2019-11-22T22:25:24.679435+00:00 app[web.1]: 22:25:24.672 [error] GenServer #PID<0.2066.0> terminating
2019-11-22T22:25:24.679445+00:00 app[web.1]: ** (MatchError) no match of right hand side value: :timeout
2019-11-22T22:25:24.679448+00:00 app[web.1]: (kafka_ex) lib/kafka_ex/gen_consumer.ex:678: KafkaEx.GenConsumer.consume/1
2019-11-22T22:25:24.679450+00:00 app[web.1]: (kafka_ex) lib/kafka_ex/gen_consumer.ex:630: KafkaEx.GenConsumer.handle_info/2
2019-11-22T22:25:24.679452+00:00 app[web.1]: (stdlib) gen_server.erl:637: :gen_server.try_dispatch/4
2019-11-22T22:25:24.679454+00:00 app[web.1]: (stdlib) gen_server.erl:711: :gen_server.handle_msg/6
2019-11-22T22:25:24.679458+00:00 app[web.1]: (stdlib) proc_lib.erl:249: :proc_lib.init_p_do_apply/3
2019-11-22T22:25:24.679461+00:00 app[web.1]: Last message: :timeout
2019-11-22T22:25:24.679465+00:00 app[web.1]: State: %KafkaEx.GenConsumer.State{acked_offset: 0, auto_offset_reset: :earliest, commit_interval: 5000, commit_threshold: 500, committed_offset: 0, consumer_module: FOO.Consumer, consumer_state: nil, current_offset: 0, fetch_options: [auto_commit: false, worker_name: #PID<0.2289.0>], group: "foo.xxx.yyy", last_commit: -576460703586, partition: 0, topic: "bar.baz.bla", worker_name: #PID<0.2289.0>}

And the error now with master:

2019-11-28T19:30:08.763137+00:00 app[web.1]: 19:30:08.762 [debug] Successfully connected to broker "xxxxxxxxx.amazonaws.com":9096
2019-11-28T19:30:08.816252+00:00 app[web.1]: 19:30:08.815 [debug] Successfully connected to broker "xxxxxxxxx.amazonaws.com":9096
2019-11-28T19:30:08.863527+00:00 app[web.1]: 19:30:08.863 [error] Receiving data from broker "xxxxxxxxx.amazonaws.com":9096 failed with :timeout
2019-11-28T19:30:08.869546+00:00 app[web.1]: 19:30:08.869 [debug] Successfully connected to broker "xxxxxxxxx.amazonaws.com":9096
2019-11-28T19:30:08.879048+00:00 app[web.1]: 19:30:08.878 [error] GenServer #PID<0.9105.93> terminating
2019-11-28T19:30:08.879052+00:00 app[web.1]: ** (stop) {:error, :timeout}
2019-11-28T19:30:08.879053+00:00 app[web.1]: Last message: :timeout
2019-11-28T19:30:08.879063+00:00 app[web.1]: State: %KafkaEx.GenConsumer.State{acked_offset: 0, api_versions: %{fetch: 0, offset_commit: 0, offset_fetch: 0}, auto_offset_reset: :earliest, commit_interval: 5000, commit_threshold: 500, committed_offset: 0, consumer_module: FOO.Consumer, consumer_state: nil, current_offset: 0, fetch_options: [auto_commit: false, worker_name: #PID<0.19074.91>], generation_id: 136, group: "foo-51686.foo_service", last_commit: -576424651131, member_id: "kafka_ex-fe6cdc27-cf12-4c45-9beb-76fcc2a1cdf8", partition: 0, topic: "foo.zzz.yyy", worker_name: #PID<0.19074.91>}
2019-11-28T19:30:08.926883+00:00 app[web.1]: 19:30:08.926 [debug] Successfully connected to broker "xxxxxxxxx.amazonaws.com":9096
2019-11-28T19:30:08.971555+00:00 app[web.1]: 19:30:08.971 [debug] Successfully connected to broker "xxxxxxxxx.amazonaws.com":9096

The Successfully connected... and Receiving data from broker... messages are also logged indefinitely, many per second.

@joshuawscott
Copy link
Member

I would try increasing the sync_timeout setting if you haven't already.

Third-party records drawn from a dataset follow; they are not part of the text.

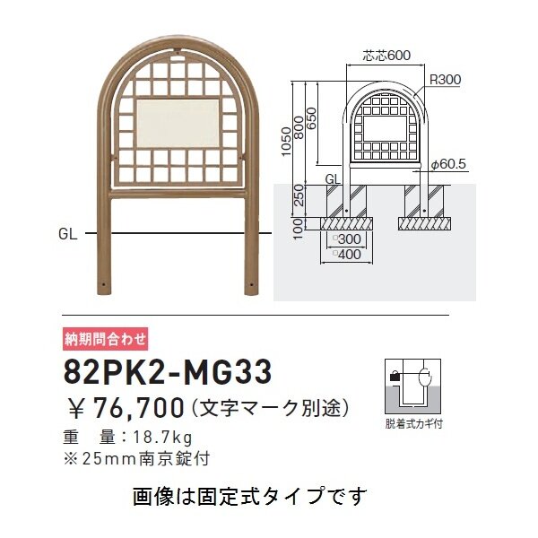 個人宅配送不可 帝金 82PK2-MG33 バリカー横型 面格子スチールタイプ W600×H800 直径60.5mm 片面表示 脱着式カギ付
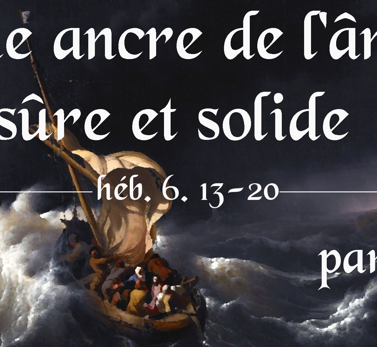 Hebreux 6:17-20 C’est pourquoi Dieu, voulant montrer avec plus d’évidence aux héritiers de la promesse l’immutabilité de sa résolution, intervint par un serment, 18 afin que, par deux choses immuables, dans lesquelles il est impossible que Dieu mente, nous trouvions un puissant encouragement, nous dont le seul refuge a été de saisir l’espérance qui nous était proposée. 19 Cette espérance, nous la possédons comme une ancre de l’âme, sûre et solide; elle pénètre au delà du voile, 20 là où Jésus est entré pour nous comme précurseur, ayant été fait souverain sacrificateur pour toujours, selon l’ordre de Melchisédek.
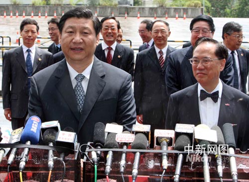 中新网7月6日电 中国国家副主席习近平6日上午乘车经落马洲抵港,香港特区行政长官曾荫权冒雨迎接。习近平抵港后发表简短讲话,表示今次来港会实地考察奥运马术比赛设施,并体会香港回归11年后的变化。
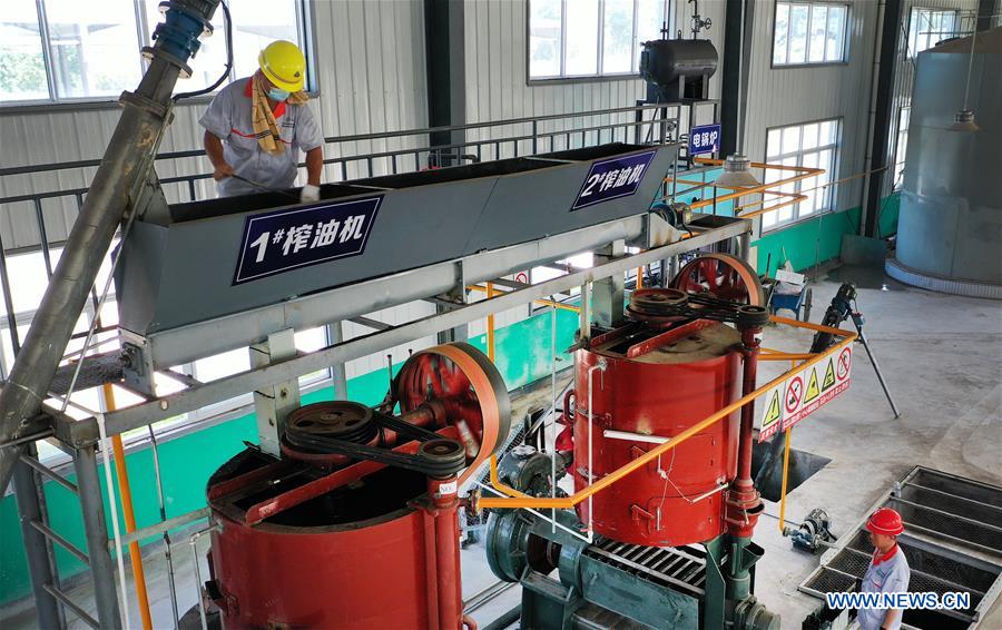 Staff members process Chinese prickly ashes at a factory in Huazhou District of Weinan City, northwest China's Shaanxi Province, July 30, 2020. Local authorities encourage Chinese prickly ash planting in Huazhou District and help farmers raise their income. At present, the total area of Chinese prickly ash fields stands at 101,000 mu (about 6,733 hectares), and the annual output reaches 7,300 tonnes. (Xinhua/Tao Ming)
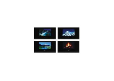 8 вариантов изображения: 3 варианта огня, ручей, море, аквариум, горы, водопад.
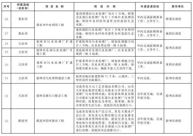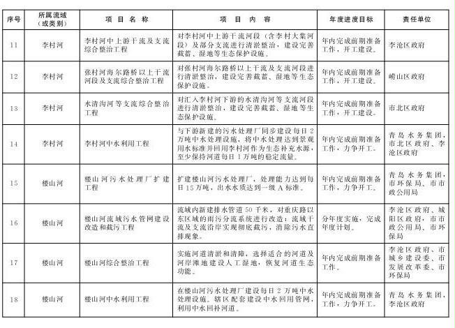 責(zé)任部門:李滄區(qū)政府、城陽區(qū)政府,青島水務(wù)集團(tuán),市市政公用局、市環(huán)保局
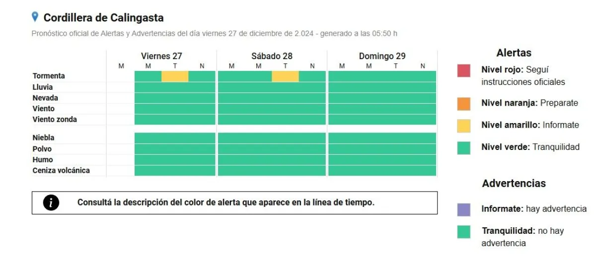 Es que el Servicio Meteorológico Nacional informó que rige un alerta por tormentas con lluvias y granizo para Calingasta tanto para la tarde de este viernes como para la tarde del sábado.

It defaults to 5000 (ms), but I would recommend setting it higher, say 15_000.

@andrielfn
Copy link
Author

Hey @joshrotenberg, I forgot to mention but increasing the sync_timeout was one of my attempts. I've just tried one more time with 15_000 and the timeouts are still there.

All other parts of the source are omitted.